Associate Justice of the Maine Supreme Court
- In office September 16, 1988 – March 15, 1994

Member of the Maine Senate
- In office 1974–1984

Personal details
- Born: Samuel Wilson Collins September 17, 1923 Caribou, Maine, U.S.
- Died: March 22, 2012 (aged 88) Rockland, Maine, U.S.
- Party: Republican
- Spouse: Dorothy Collins
- Relations: Donald Collins (brother) Susan Collins (niece)
- Education: University of Maine Harvard Law School
- Profession: Attorney

= Samuel Collins (Maine politician) =

American judge and politician

Samuel Wilson Collins Jr. (September 17, 1923 – March 22, 2012) was an American lawyer, jurist and politician from Maine. A Republican, Collins was first elected to the Maine Senate in 1974. He was served for 10 years until 1984, when he did not seek re-election. Collins served for 6 years (1988 to 1994) as an associate justice of the Maine Supreme Judicial Court. He also served on his local school board from 1952 to 1960.

Collins chose to return in Maine following law school graduation and took a position with Alan Bird's law firm in Rockland, where he was later named a managing partner. The law firm was later renamed Collins, Crandall, Hanscom and Pease.

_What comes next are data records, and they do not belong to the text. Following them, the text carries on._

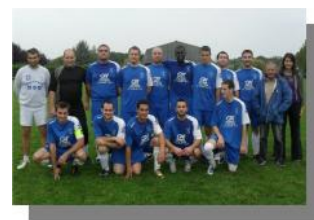
Equipe Fanion 2010-2011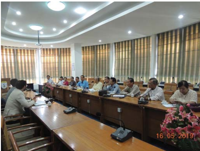
မေလ(၁၆)ရက် နေ့က Fed.MES Conference Room တွင် “Meeting between Fed.MES and GIZ” ပြုလုပ်ခဲ့ပါသည်။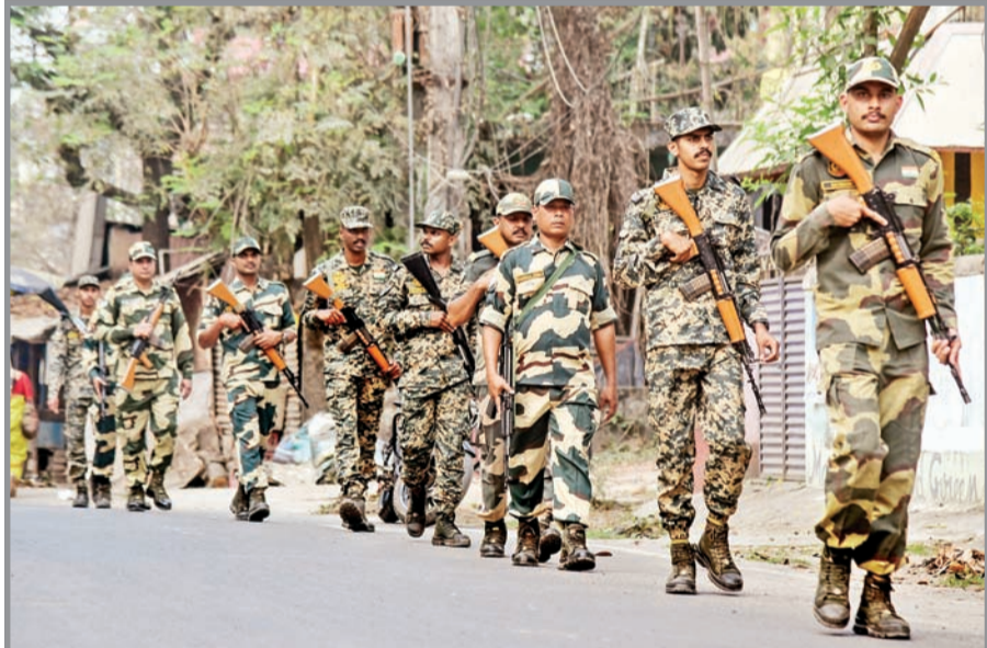
पश्चिम बंगालमध्ये कधीही विधानसभा निवडणुकीची घोषणा होऊ शकते, आयोगाच्या अधिकाऱ्यांनी नुकताच राज्यातील सुरक्षा व्यवस्थेचा आढावा घेतला. कायदा व सुव्यवस्था अबाधित राहावी यासाठी दक्षिण दिनाजपूर जिल्ह्यातील बालुघाट येथे मंगळवारी सुरक्षा दलाच्या जवानांनी पथसंचलन केले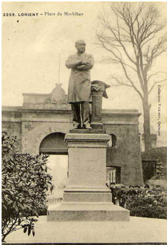
Statue de Jules Simon avant la destruction des remparts et de la Porte du Morbihan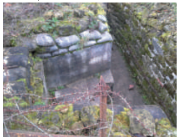
Schützengraben Tranchée de la Soif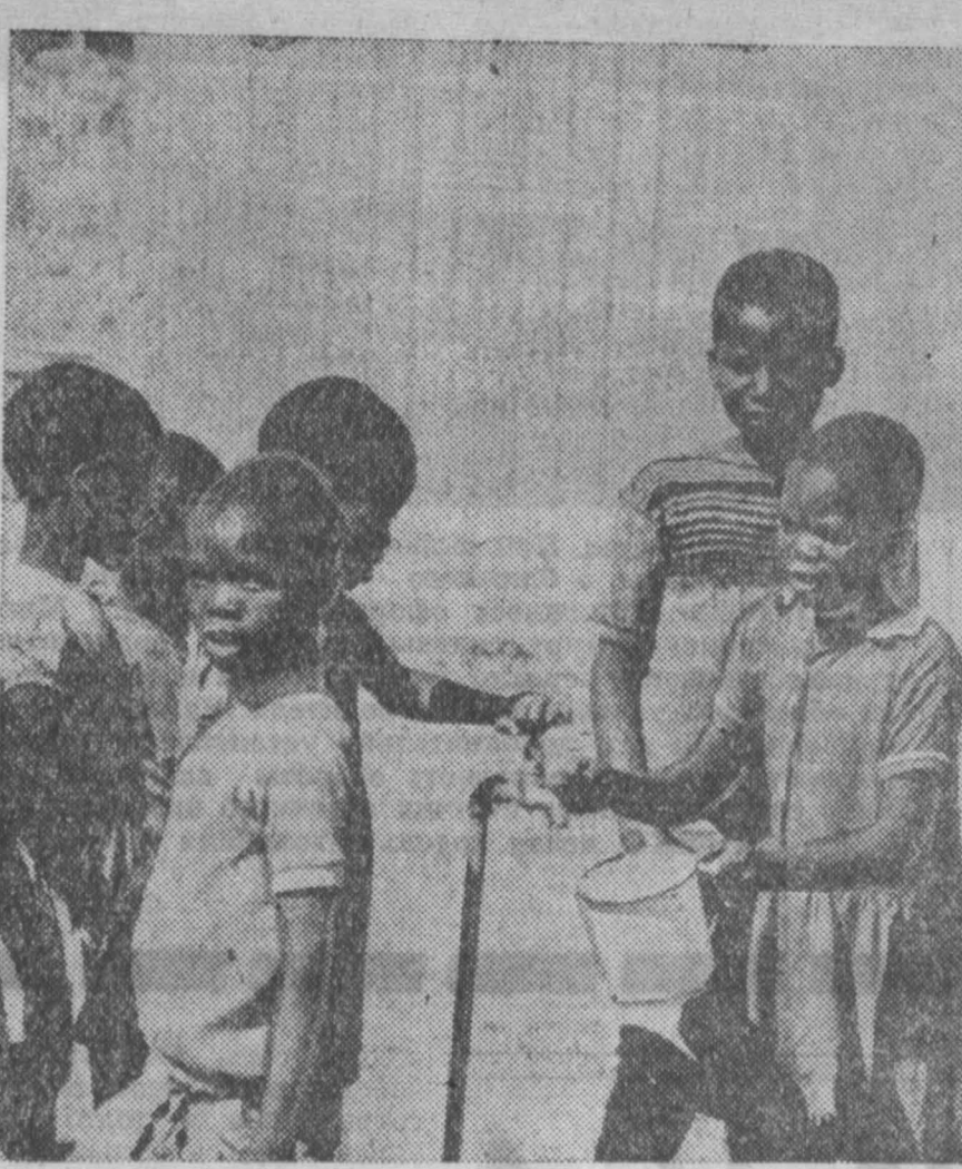
пается дешевая рабочая сила. Не случайно поэтому туристские маршруты проходят в стороне от этих южноафриканских концлагерей. НА СНИМКЕ: маленькие поселенцы резервации Ету-вунци в провинции Наталь.

В течение многих лет правительство Форстера проводит в жизнь жесткую, бесчеловечную политику по уничтожению «черных пятен на белой земле». Ежегодно около 100 тысяч африканцев насильно изгоняются из районов, на которые претендуют белые, в слаборазвитые и часто уже переполненные резервации — «бантустаны» и другие специальные поселки. Такие поселения расположены среди бесплодной выжженной солнцем степи. Здесь нет промышленности, полезных ископаемых. Население их обречено на медленную смерть от голода, болезней и нищеты. Гонимые безысходным положением, мужчины уходят на заработки в близлежащие города и на фермы, где вынуждены соглашаться на любые условия найма. «Бантустаны» стали гигантскими загонями для современных рабов, откуда чер-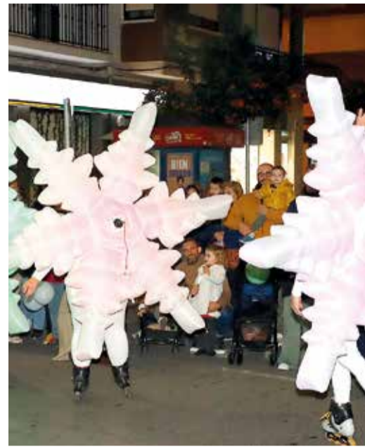
Cavalcada a Puçol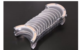
L6 純正0.5アンダーメインメタルSET 原動機：L20,L24,L28 適合：ジャーナルが0.5アンダーで スラストがSTDタイプ 価格： ¥15,700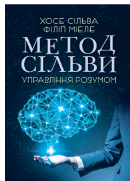
Метод Сільви. Управління розумом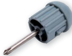
Kappe mit Schraubendreher

A Republican, Collins served in the state senate with his brother, Donald Collins of Caribou. Collins' tenure included terms as the state senate's majority leader.

==Personal==

Collins was born and raised in Caribou, Maine and worked as a youth on a potato farm. He was the oldest of four sons to Samuel Wilson Collins and Elizabeth Black Collins. Collins graduated from Caribou High School and attended the University of Maine. He graduated in three years and worked during World War II in the War Department in Arlington, Virginia doing army intelligence work.

After the war ended, Collins attended and graduated from Harvard Law School in 1947. An active Unitarian-Universalist, Collins served as president of the Universalist Churches of Maine and president of the Northeast District of the Universalist/Unitarian Association. He was the uncle of the U.S. Senator of Maine Susan Collins.